At some point I noticed that I was using Riffle
and Partition
together a lot. I would do things like
Partition[Riffle[{1,2,3},{4,5,6}],2]
or
Partition[Riffle[{1,2,3}, 6 , {2, -1, 2}], 2]
The question is: are better alternatives, in terms of memory and speed?
Answer
Here is a solution for both "idioms", using LibraryLink and some kind of custom generics.
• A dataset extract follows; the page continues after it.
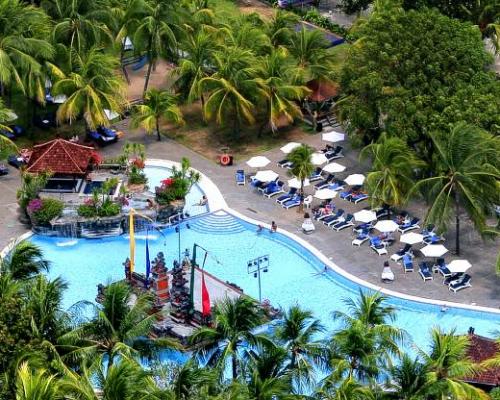 Fekvése: az 5 csillagos szálloda a homokos tengerparttól 50 méterre fekszik, a híres Kuta Beach-en, szép, pálmafás kertben helyezkedik el. A hotel a központ közelében található, gyalogos távolságra bevásárlási és szórakozási lehetőségek.

I'm not sure if I like the abstractions, but here is the answer anyway.
<< SymbolicC`
<< Developer`
<< CCompilerDriver`
<< CCodeGenerator`
The definitions below are made to help abstract this function, so that it works for integers, real numbers and complex numbers.
(*lfn is short for library function name*)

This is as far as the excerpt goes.